## PROVIDED DATA
++++++
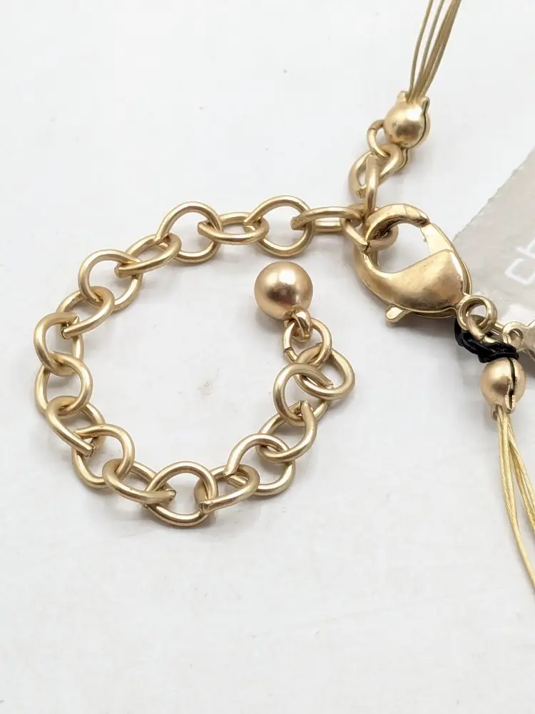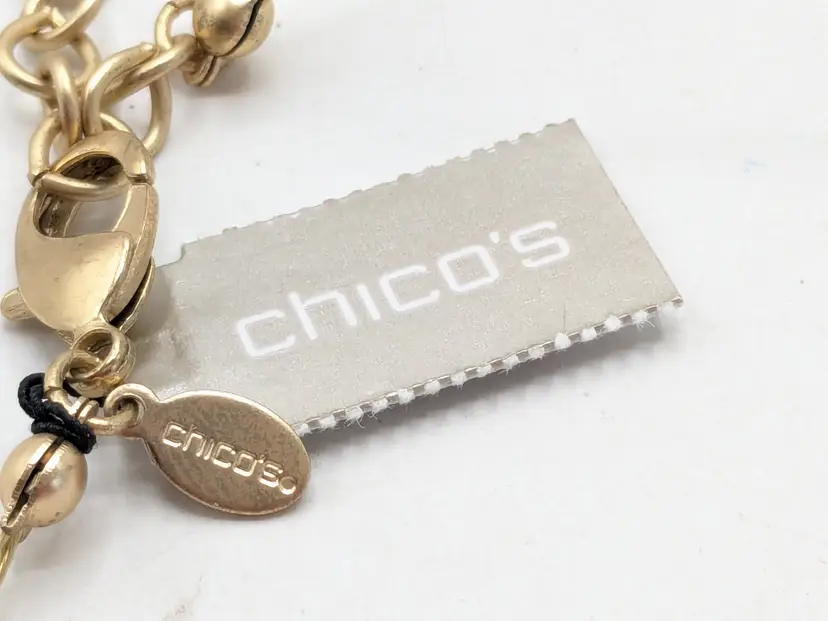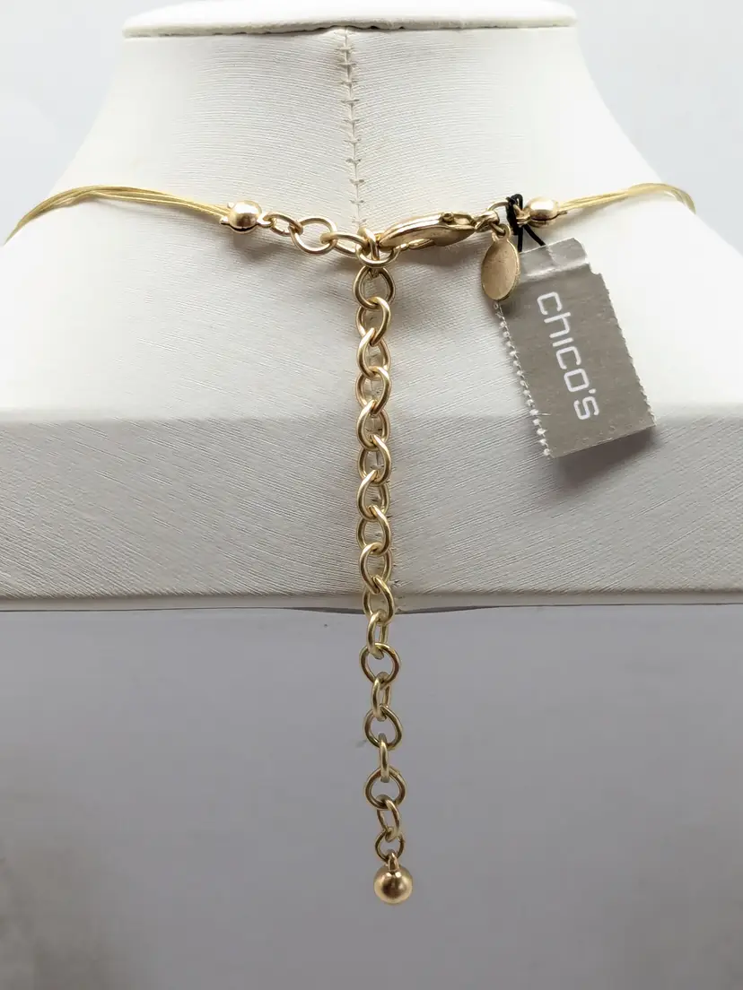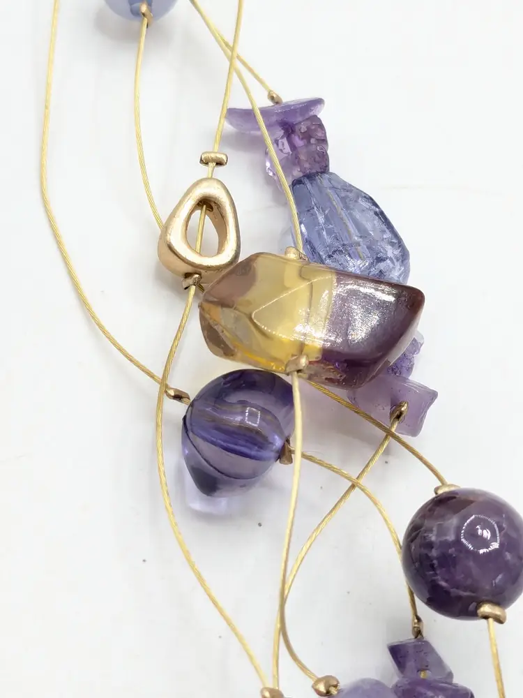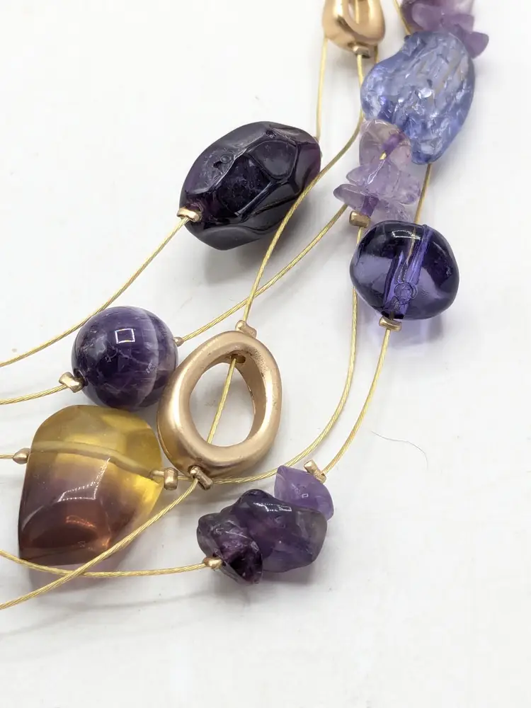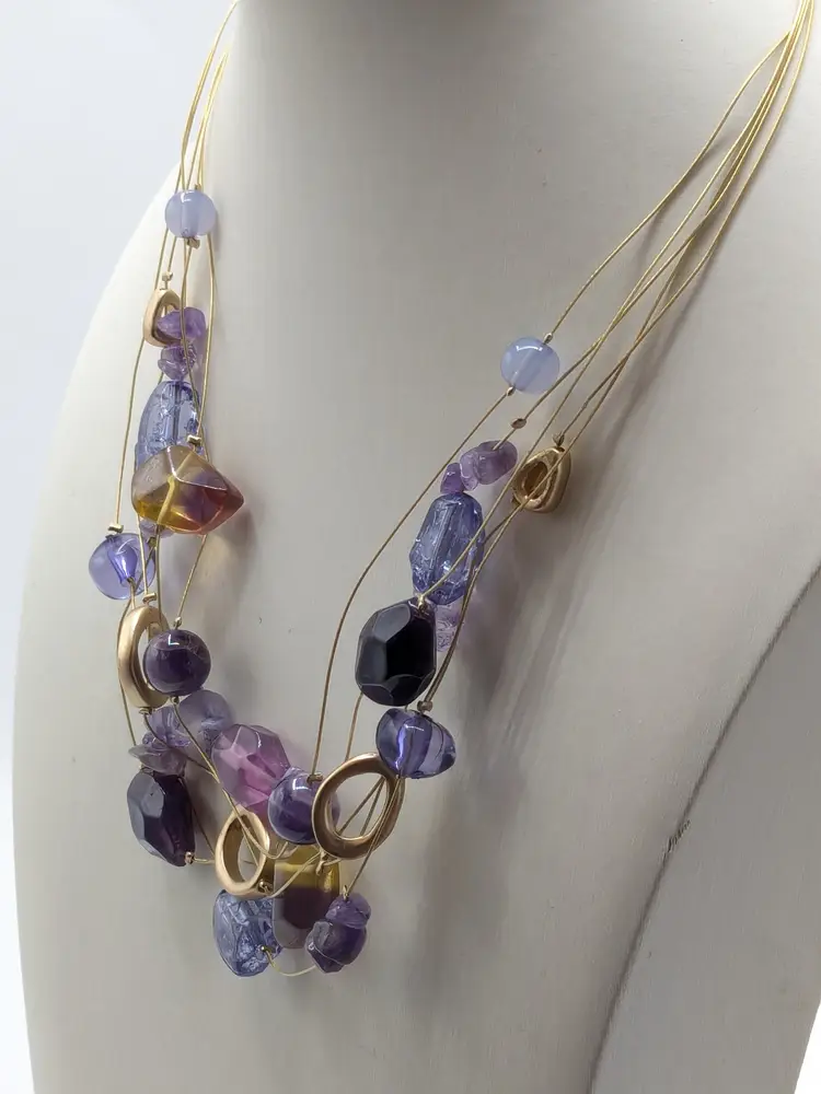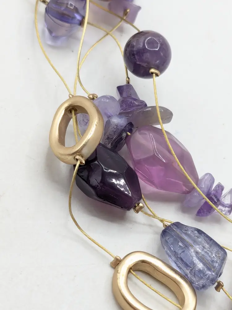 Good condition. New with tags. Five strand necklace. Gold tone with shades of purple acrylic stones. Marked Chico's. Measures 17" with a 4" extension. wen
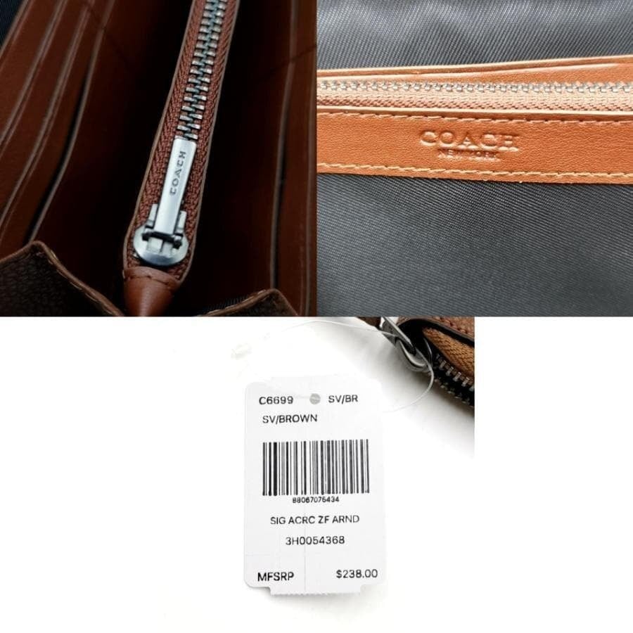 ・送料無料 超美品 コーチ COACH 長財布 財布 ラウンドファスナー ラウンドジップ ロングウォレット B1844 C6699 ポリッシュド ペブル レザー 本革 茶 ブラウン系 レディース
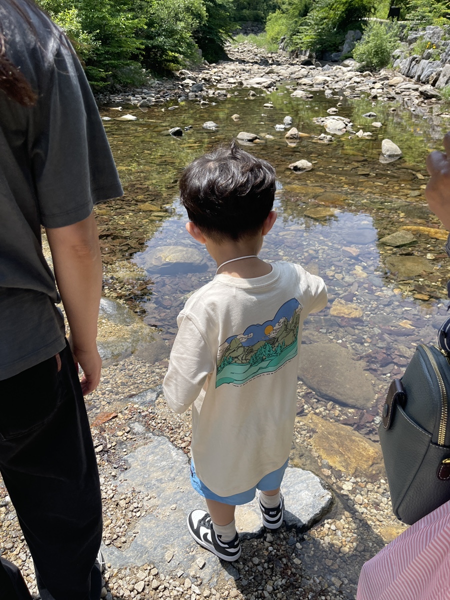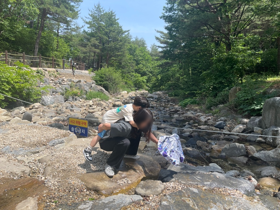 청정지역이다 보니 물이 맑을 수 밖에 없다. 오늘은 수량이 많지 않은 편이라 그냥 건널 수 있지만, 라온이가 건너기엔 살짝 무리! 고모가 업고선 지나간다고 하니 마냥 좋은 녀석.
++++++
## WORK INSTRUCTION
The aim is an exact repeat of the entire listing, stripped of pictures.

## ANSWER TO THIS TASK
 Good condition. New with tags. Five strand necklace. Gold tone with shades of purple acrylic stones. Marked Chico's. Measures 17" with a 4" extension. wen
 ・送料無料 超美品 コーチ COACH 長財布 財布 ラウンドファスナー ラウンドジップ ロングウォレット B1844 C6699 ポリッシュド ペブル レザー 本革 茶 ブラウン系 レディース
 청정지역이다 보니 물이 맑을 수 밖에 없다. 오늘은 수량이 많지 않은 편이라 그냥 건널 수 있지만, 라온이가 건너기엔 살짝 무리! 고모가 업고선 지나간다고 하니 마냥 좋은 녀석.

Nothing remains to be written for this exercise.